EUIX · October 31, 2013, 6:07pm

Hi Daschm,

Maybe it will be more clear if you post the section of code that shows how you set the limits given the model you have constructed.

Are you saying you are not scanning the a region of the poi? I don’t understand the difference between looking for the value of s that corresponds to Cls=0.05 and evaluting the CLs at a given value of s. The latter is found by scanning over a region of s, evaluating the CLs value at each particular value of s then drawing a horizontal line at 0.05 to indicate the value of s that corresponds to 5%. So you are just asking what is the CLs value at many different values of s.

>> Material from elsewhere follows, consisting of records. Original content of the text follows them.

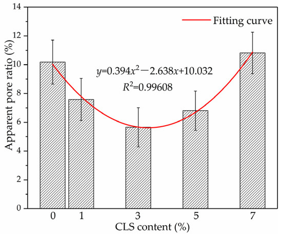 According to the results in Figure 14, the relationship between the content of CLS and the apparent pore ratio can be further fitted as: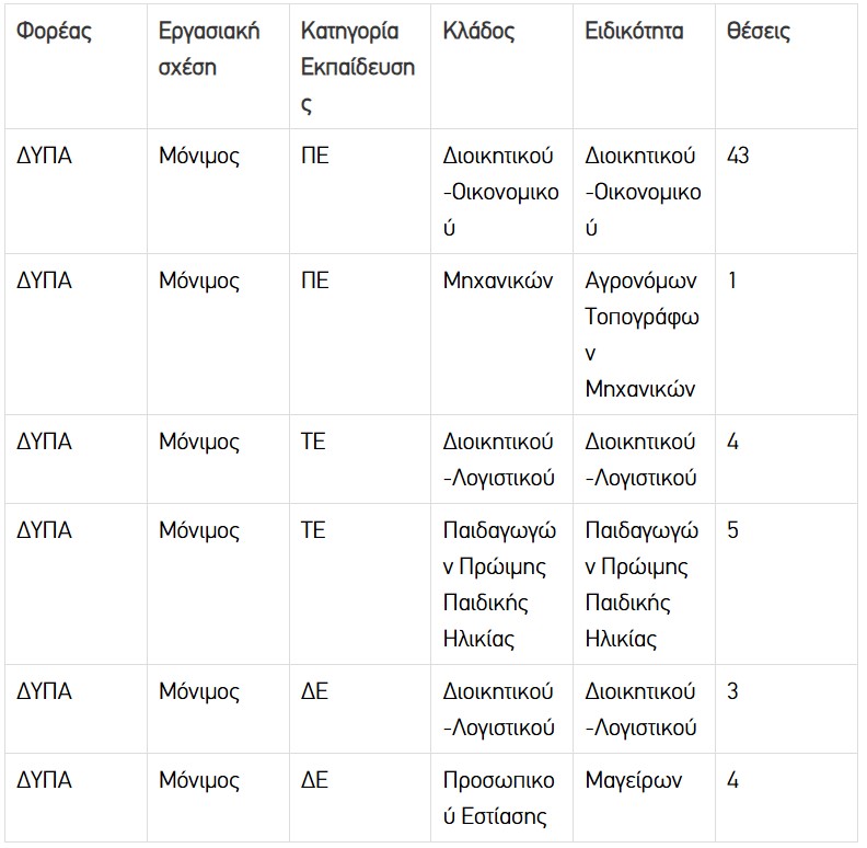 Οι ειδικότητες για τις 60 μόνιμες προσλήψεις στην ΔΥΠΑ το 2026, είναι οι εξής:
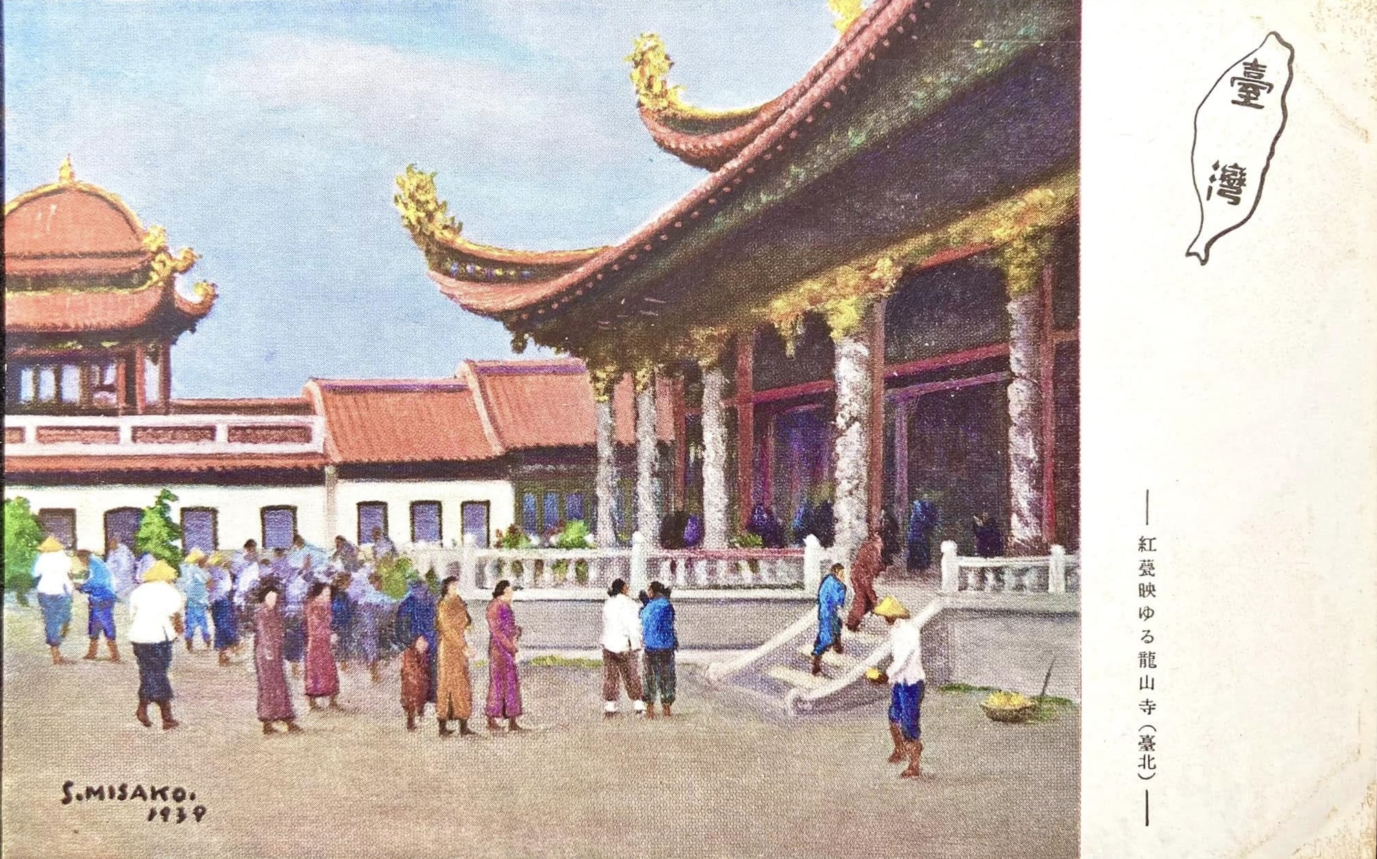 三迫星洲,《臺北龍山寺》(紅甍映ゆる龍山寺(臺北)繪葉書,1939,印刷品,9 x 14 cm,國立臺灣歷史博物館藏。圖版來源:葉柏強提供。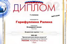 Поздравляем обучающуюся вокального отделения Детской школы искусств Гарифуллину Ралину (преподаватель Закирова Лилия Равилевна) с достойной победой во Всероссийском вокальном конкурсе "Голос России" (дистанционно) в г.Краснодар.

I agree with your comment about the second solution. Replacing the poisson distribution with a Gaussian won’t work since the problem is hitting a numerical limit not a difficulty in calculating the distribution itself it seems.

Cheers,

Kuhan

TMar · March 25, 2014, 8:51pm

Hi Daschm,

I am trying to teach myself RooStats and I came across your post here. I tried using your code, but I ended up getting an error.

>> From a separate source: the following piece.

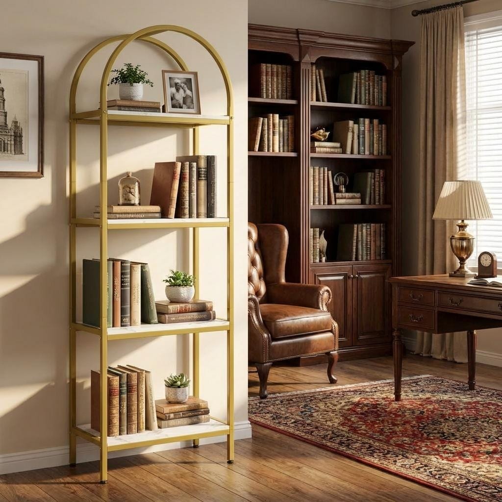 Arched Bookshelf – 4 Tier/5 Tier Industrial Open Bookcase, Modern Freestanding Display Shelving Unit with Metal Frame

testroostats.exe(12975) malloc: *** error for object 0x1101c17c0: pointer being freed was not allocated *** set a breakpoint in malloc_error_break to debug Abort trap: 6

It occurs during the execution of this line:

ModelConfig mc("ModelConfig",&w);

Did you ever encounter that? I assume you are using the ROOT interpreter to run your macro, correct? I use ROOT as libraries for C++ code, and that may be part of the issue.

That being said, I am curious if there exists any simple code to calculate the 95% exclusion limit given Nobs, Nbkg and Error on Nbkg. It seems like all of the RooStats examples I have seen go through excessive steps in order to calculate something that should be just a few lines. I can calculate CLs values in C++ without accounting for the error on Nbkg with about 10 lines of code and it runs quickly enough for Nobs < 10k. While I understand the powerfulness and usefulness of a system like RooStats, it certainly is not user friendly.